[Items listed in a dataset]
————————

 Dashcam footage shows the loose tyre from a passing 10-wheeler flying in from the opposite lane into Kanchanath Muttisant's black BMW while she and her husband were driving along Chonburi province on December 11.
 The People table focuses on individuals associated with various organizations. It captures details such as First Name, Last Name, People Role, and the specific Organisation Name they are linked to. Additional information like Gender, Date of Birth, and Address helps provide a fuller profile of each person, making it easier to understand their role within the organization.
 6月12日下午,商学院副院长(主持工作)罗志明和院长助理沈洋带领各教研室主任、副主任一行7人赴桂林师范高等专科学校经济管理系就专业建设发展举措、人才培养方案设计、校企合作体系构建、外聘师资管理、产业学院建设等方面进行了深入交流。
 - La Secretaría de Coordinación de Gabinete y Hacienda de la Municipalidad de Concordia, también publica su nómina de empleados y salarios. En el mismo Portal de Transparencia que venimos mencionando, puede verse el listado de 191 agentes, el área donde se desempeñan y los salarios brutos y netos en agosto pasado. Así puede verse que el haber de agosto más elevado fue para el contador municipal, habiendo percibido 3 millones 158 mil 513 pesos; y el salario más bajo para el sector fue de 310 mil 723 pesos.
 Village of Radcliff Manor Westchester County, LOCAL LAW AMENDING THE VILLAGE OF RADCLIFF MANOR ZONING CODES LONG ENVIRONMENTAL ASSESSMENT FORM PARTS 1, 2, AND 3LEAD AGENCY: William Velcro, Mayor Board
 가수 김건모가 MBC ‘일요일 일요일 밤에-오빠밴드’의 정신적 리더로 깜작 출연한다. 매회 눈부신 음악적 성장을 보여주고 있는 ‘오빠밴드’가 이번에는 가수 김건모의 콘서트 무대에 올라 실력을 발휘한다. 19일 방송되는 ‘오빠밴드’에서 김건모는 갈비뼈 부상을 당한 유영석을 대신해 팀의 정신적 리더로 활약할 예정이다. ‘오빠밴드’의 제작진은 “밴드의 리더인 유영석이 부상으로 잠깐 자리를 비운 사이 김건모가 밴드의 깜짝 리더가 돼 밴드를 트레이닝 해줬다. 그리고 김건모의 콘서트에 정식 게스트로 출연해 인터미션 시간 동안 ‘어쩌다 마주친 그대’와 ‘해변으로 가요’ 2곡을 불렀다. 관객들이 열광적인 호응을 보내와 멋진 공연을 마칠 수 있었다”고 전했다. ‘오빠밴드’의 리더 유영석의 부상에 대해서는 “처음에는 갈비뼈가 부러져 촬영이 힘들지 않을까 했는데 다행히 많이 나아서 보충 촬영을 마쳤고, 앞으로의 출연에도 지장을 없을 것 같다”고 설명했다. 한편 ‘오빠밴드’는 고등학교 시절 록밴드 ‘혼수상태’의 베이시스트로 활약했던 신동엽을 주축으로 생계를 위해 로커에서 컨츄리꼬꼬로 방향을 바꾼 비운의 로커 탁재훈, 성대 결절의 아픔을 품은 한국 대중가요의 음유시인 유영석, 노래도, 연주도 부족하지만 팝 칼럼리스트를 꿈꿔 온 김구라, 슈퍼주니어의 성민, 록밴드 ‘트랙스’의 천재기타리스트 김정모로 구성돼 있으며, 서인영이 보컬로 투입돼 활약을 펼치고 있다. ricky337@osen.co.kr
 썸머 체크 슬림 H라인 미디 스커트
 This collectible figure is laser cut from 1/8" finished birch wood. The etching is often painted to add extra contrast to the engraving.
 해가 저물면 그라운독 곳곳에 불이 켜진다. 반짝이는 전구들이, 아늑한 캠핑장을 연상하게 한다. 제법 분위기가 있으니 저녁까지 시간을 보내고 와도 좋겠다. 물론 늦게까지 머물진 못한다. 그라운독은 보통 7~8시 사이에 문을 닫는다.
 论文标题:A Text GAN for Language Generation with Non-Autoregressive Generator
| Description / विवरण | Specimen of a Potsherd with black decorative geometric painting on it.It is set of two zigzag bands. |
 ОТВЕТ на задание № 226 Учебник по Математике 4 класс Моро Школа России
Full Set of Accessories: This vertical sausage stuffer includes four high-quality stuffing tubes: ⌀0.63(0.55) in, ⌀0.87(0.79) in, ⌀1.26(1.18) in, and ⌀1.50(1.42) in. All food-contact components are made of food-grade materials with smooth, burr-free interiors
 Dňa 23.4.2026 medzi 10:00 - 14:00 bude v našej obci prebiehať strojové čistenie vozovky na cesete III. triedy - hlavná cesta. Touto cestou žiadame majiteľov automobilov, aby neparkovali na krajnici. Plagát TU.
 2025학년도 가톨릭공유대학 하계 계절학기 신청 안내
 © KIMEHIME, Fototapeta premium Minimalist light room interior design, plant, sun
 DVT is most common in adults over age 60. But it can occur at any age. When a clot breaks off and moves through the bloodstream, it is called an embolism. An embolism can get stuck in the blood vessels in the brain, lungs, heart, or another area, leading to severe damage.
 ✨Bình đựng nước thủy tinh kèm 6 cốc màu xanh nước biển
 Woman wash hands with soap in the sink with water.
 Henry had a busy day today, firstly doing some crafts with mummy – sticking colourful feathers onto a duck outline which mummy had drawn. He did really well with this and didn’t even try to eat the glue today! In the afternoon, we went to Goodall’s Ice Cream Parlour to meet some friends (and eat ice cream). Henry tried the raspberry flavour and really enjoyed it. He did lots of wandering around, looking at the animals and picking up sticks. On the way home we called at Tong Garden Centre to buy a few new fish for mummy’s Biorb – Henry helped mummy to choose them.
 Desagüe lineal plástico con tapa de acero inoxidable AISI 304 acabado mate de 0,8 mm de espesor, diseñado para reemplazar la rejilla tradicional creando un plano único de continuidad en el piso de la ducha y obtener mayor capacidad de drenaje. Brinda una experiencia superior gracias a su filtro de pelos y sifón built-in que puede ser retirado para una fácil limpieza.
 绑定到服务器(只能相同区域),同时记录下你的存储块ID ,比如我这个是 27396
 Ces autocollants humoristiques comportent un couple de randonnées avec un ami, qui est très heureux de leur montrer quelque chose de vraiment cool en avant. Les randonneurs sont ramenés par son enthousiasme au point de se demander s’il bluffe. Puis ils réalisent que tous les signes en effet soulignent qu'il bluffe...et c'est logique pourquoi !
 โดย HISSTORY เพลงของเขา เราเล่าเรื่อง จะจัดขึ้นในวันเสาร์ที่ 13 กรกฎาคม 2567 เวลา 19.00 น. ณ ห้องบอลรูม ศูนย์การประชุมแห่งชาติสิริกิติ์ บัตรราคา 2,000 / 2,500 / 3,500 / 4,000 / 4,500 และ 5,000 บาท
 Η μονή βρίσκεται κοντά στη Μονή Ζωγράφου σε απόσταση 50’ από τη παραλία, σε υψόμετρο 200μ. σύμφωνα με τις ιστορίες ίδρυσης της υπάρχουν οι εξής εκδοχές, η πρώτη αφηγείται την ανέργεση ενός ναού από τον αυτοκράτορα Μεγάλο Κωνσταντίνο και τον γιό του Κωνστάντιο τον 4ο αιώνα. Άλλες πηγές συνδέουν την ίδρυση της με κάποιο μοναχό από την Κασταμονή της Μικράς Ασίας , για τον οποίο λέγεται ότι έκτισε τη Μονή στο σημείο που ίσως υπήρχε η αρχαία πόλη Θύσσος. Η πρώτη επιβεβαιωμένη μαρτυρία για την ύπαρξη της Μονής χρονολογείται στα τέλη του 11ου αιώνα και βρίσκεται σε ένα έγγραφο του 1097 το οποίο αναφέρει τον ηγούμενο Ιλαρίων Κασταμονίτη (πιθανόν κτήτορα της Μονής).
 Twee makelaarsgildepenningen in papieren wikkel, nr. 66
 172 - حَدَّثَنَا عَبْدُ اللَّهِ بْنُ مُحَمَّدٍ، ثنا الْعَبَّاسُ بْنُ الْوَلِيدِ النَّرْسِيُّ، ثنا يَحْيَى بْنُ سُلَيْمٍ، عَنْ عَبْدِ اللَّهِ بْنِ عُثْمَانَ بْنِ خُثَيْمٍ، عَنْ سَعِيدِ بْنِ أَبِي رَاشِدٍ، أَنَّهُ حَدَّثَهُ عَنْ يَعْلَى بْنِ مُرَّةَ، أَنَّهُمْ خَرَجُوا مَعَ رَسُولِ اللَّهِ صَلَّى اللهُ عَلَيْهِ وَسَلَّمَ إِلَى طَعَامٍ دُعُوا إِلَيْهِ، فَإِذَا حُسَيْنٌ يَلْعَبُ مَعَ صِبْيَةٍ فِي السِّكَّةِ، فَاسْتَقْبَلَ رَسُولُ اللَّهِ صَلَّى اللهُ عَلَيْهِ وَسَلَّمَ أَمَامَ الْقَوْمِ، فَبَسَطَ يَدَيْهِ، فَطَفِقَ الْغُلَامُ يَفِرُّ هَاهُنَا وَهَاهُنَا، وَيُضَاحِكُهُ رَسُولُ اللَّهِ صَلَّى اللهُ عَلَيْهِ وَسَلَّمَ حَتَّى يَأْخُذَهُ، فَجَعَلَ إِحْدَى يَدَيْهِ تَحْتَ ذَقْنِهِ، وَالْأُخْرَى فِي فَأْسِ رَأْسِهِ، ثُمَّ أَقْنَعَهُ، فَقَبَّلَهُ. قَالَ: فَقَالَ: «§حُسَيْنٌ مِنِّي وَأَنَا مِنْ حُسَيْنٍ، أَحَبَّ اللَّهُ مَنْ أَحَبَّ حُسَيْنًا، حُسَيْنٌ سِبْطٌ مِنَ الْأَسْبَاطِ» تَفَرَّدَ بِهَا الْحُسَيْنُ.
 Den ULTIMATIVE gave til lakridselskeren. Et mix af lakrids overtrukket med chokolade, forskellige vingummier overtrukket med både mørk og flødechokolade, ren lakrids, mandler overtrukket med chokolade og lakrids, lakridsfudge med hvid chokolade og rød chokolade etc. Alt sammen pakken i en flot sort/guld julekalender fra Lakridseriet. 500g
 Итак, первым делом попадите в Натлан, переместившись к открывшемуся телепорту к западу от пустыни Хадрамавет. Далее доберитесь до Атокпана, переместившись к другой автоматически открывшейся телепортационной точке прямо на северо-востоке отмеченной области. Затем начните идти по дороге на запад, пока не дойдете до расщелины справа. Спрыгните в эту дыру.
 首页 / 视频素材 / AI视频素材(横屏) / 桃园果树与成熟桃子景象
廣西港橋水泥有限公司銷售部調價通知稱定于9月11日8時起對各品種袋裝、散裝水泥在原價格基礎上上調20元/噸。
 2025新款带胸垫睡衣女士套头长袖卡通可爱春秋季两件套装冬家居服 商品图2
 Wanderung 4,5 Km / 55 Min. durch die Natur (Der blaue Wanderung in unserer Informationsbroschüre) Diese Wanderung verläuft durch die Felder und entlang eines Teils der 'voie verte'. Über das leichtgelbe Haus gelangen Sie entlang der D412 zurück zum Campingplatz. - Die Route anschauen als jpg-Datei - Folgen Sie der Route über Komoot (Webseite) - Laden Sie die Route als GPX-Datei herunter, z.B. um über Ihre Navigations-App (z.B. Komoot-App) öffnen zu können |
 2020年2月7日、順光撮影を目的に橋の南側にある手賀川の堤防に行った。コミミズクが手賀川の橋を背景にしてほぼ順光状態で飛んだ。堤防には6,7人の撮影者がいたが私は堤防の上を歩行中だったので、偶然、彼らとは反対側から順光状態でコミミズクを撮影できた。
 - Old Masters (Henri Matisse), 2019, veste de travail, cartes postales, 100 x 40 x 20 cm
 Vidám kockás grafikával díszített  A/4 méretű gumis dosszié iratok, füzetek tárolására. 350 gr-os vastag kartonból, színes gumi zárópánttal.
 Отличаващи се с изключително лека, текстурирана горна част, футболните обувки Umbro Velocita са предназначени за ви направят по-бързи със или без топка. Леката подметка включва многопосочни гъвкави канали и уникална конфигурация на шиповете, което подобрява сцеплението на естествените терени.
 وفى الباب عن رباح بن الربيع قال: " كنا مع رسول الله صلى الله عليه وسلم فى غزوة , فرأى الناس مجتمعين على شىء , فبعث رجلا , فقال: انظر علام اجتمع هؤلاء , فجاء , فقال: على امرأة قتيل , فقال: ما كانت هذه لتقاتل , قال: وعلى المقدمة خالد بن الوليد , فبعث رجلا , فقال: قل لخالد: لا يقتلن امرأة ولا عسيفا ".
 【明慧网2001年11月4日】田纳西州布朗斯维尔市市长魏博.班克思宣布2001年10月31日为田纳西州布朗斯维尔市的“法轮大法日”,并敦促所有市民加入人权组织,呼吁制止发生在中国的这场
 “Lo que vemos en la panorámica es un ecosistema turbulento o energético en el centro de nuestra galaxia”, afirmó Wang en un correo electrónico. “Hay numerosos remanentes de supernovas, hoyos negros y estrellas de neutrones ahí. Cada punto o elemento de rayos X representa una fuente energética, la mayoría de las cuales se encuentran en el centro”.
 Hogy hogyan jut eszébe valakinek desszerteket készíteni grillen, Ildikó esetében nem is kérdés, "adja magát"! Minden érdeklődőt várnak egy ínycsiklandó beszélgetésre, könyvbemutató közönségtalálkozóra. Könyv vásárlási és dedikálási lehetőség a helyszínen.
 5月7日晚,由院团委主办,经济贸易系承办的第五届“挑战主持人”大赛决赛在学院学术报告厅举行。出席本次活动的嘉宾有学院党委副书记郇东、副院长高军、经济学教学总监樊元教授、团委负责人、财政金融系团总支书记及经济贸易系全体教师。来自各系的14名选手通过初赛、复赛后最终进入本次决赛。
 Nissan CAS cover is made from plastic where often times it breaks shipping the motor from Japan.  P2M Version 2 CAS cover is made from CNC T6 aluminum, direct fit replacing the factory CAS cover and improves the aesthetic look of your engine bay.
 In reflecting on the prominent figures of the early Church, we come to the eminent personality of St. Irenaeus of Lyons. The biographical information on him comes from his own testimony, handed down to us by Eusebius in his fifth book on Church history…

————————

Across all the records above, find each line with "black" in it and copy it.

 Dashcam footage shows the loose tyre from a passing 10-wheeler flying in from the opposite lane into Kanchanath Muttisant's black BMW while she and her husband were driving along Chonburi province on December 11.
| Description / विवरण | Specimen of a Potsherd with black decorative geometric painting on it.It is set of two zigzag bands. |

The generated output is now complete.